Here's my take on a end of the year Russian Imperial Stout. I've somehow yet to write a stout recipe of any kind so any advice here would be helpful. I'm targeting 65% efficiency which is on the lower end of the spectrum for our system and should land us somewhere between 1.090 and 1.100 with ~85 IBUs. Some friends and I are also tossing around the idea of cocoa nibs, oak and someone is pulling for some kind of hot pepper but I'm not so sure.
Amt Name Type # %/IBU
15 lbs Stout Malt (1.8 SRM) Grain 1 75.0 %
1 lbs 4.0 oz Chocolate Malt (450.0 SRM) Grain 2 6.3 %
1 lbs 4.0 oz Roasted Barley, NBer's English (550.0 SRM) Grain 3 6.3 %
1 lbs Oats, Flaked (1.0 SRM) Grain 4 5.0 %
12.0 oz Caramel/Crystal Malt - 60L (60.0 SRM) Grain 5 3.8 %
12.0 oz Special B (147.0 SRM) Grain 6 3.8 %
2.00 oz Warrior [15.00 %] - Boil 60.0 min Hop 7 87.4 IBUs
1.0 pkg London Ale Yeast with big starter.
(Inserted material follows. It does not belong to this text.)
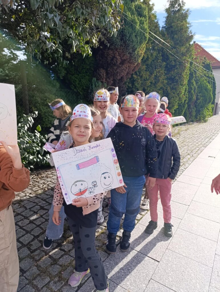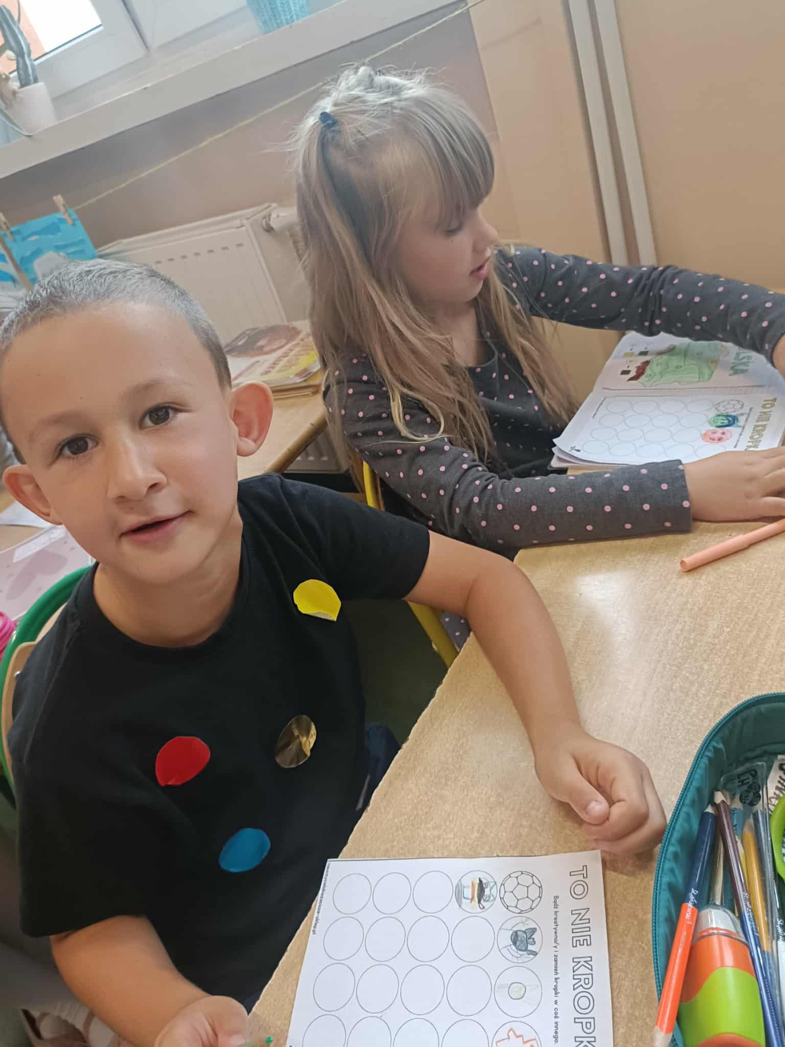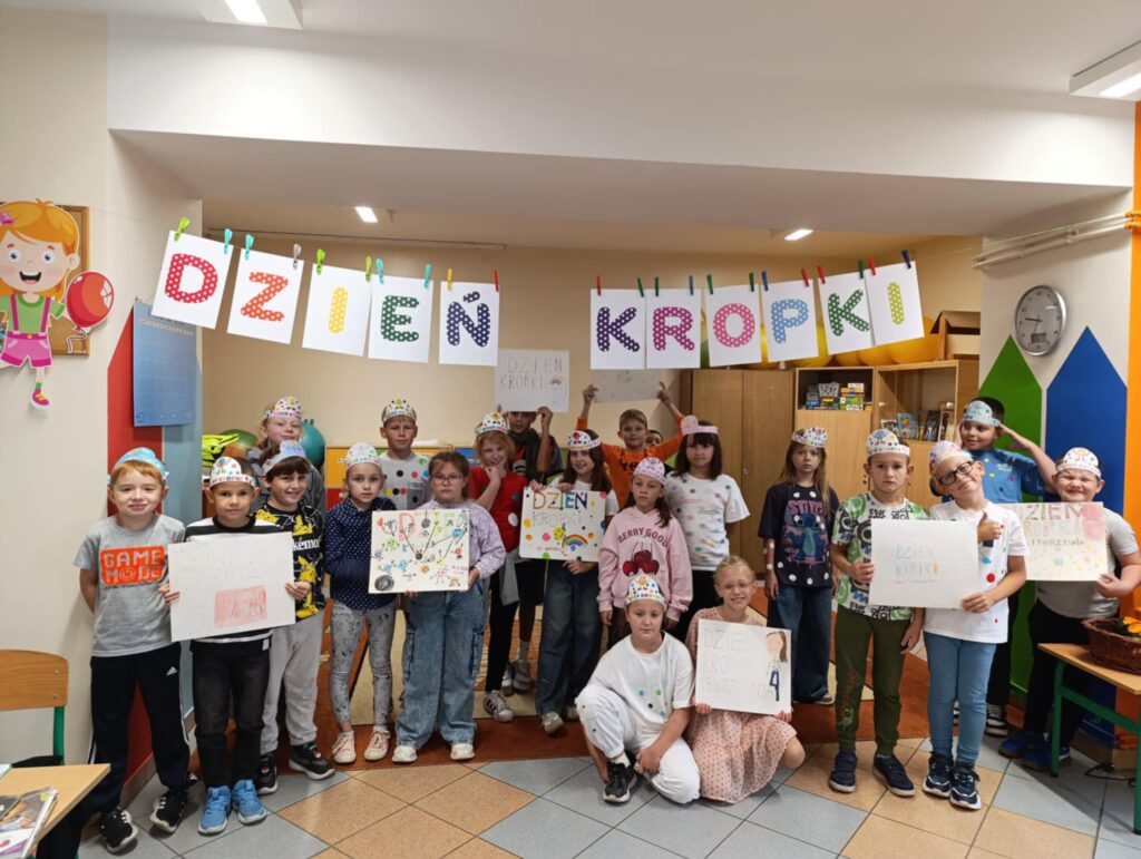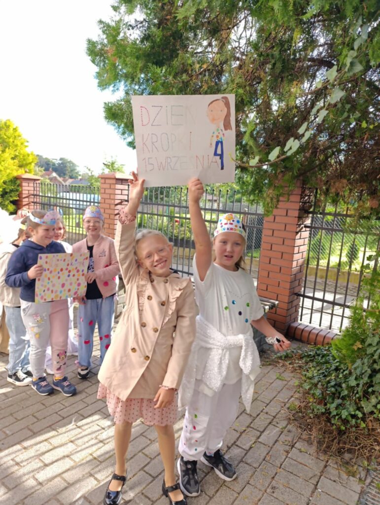 W dniu 15 września nasza szkoła świętowała Międzynarodowy Dzień Kropki, którego celem jest rozwijanie kreatywności, odwagi i wiary we własne możliwości. Uczniowie klas 1-3 wzięli udział w przemarszu kreatywności ulicami miasta, prezentując własnoręcznie wykonane opaski, plakaty i kolorowe kropkowe ozdoby. W czasie wydarzenia dzieci uczestniczyły w zabawach rozwijających twórcze myślenie, takich jak tworzenie kropkowych obrazów, wymyślanie „kropkowych historii” oraz wspólne układanie wzorów z kolorowych kropek. Całe wydarzenie przebiegało w radosnej atmosferze, a uczniowie z dumą prezentowali swoje pomysły, udowadniając, że każdy ma w sobie talent i kreatywną moc, którą warto odkrywać i rozwijać.

1. Roasted malts: are there enough? a good balance?
2. Stout malt
: anyone use it before?
3. Mash Temp: I was thinking lower to get good fermentability. Maybe 150-152*.
4. do hot peppers equal a terrible idea? I'm pretty hesitant to mess with that but someone is pushing for it.